Requirement
Given the records underneath, please repeat exactly the lines from the line with "white gift box" through the line with "锅内放入四勺油,再把香菇、蒜", passing over any picture.

Dataset content
--- START ---

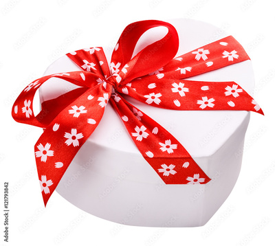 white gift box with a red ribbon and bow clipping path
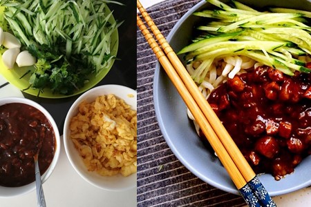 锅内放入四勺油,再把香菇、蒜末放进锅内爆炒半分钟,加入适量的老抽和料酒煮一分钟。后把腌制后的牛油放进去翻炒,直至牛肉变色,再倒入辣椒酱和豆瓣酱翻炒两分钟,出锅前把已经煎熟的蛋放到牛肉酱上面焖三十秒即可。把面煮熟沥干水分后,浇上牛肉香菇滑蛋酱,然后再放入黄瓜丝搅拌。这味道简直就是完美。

--- END ---
--- START ---

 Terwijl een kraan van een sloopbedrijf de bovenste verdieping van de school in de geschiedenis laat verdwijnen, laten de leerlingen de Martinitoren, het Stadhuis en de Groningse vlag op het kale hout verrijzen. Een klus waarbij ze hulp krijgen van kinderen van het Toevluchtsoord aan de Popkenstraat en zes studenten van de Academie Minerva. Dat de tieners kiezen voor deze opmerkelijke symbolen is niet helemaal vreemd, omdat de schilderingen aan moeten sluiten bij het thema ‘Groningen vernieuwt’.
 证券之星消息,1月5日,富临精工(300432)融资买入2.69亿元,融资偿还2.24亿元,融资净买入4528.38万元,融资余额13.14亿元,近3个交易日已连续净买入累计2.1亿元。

--- END ---
--- START ---

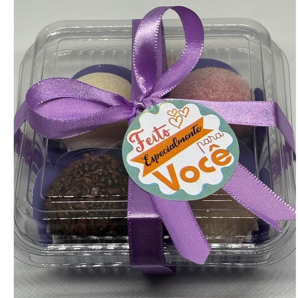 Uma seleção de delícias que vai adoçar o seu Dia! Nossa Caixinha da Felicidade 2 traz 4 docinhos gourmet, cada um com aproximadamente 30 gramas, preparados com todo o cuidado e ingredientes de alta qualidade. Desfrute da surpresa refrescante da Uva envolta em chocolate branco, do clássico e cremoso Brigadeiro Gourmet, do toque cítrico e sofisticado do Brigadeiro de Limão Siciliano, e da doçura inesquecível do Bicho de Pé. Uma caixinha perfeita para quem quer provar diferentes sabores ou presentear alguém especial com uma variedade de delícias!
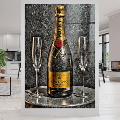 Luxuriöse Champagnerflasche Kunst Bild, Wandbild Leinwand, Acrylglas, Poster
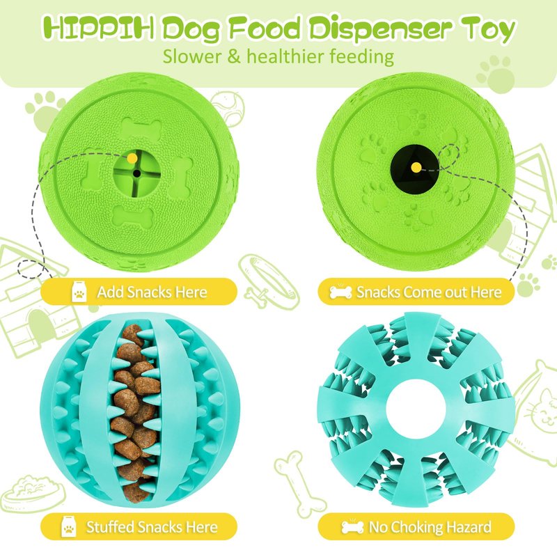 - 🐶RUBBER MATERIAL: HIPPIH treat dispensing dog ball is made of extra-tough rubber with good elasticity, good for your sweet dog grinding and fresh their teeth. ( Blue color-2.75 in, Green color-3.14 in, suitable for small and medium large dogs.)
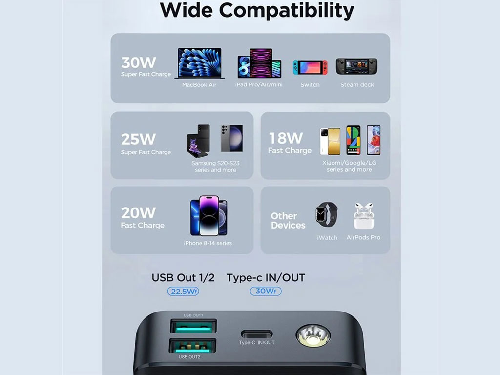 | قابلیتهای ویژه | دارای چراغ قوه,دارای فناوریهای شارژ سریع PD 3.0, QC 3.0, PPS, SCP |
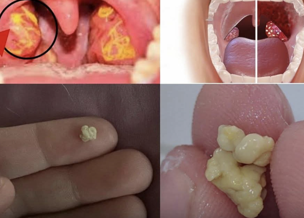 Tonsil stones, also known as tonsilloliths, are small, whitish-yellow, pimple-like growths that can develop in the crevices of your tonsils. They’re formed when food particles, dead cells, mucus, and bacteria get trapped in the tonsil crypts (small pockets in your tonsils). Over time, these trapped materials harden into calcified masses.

--- END ---

Exercise result
 white gift box with a red ribbon and bow clipping path
 锅内放入四勺油,再把香菇、蒜末放进锅内爆炒半分钟,加入适量的老抽和料酒煮一分钟。后把腌制后的牛油放进去翻炒,直至牛肉变色,再倒入辣椒酱和豆瓣酱翻炒两分钟,出锅前把已经煎熟的蛋放到牛肉酱上面焖三十秒即可。把面煮熟沥干水分后,浇上牛肉香菇滑蛋酱,然后再放入黄瓜丝搅拌。这味道简直就是完美。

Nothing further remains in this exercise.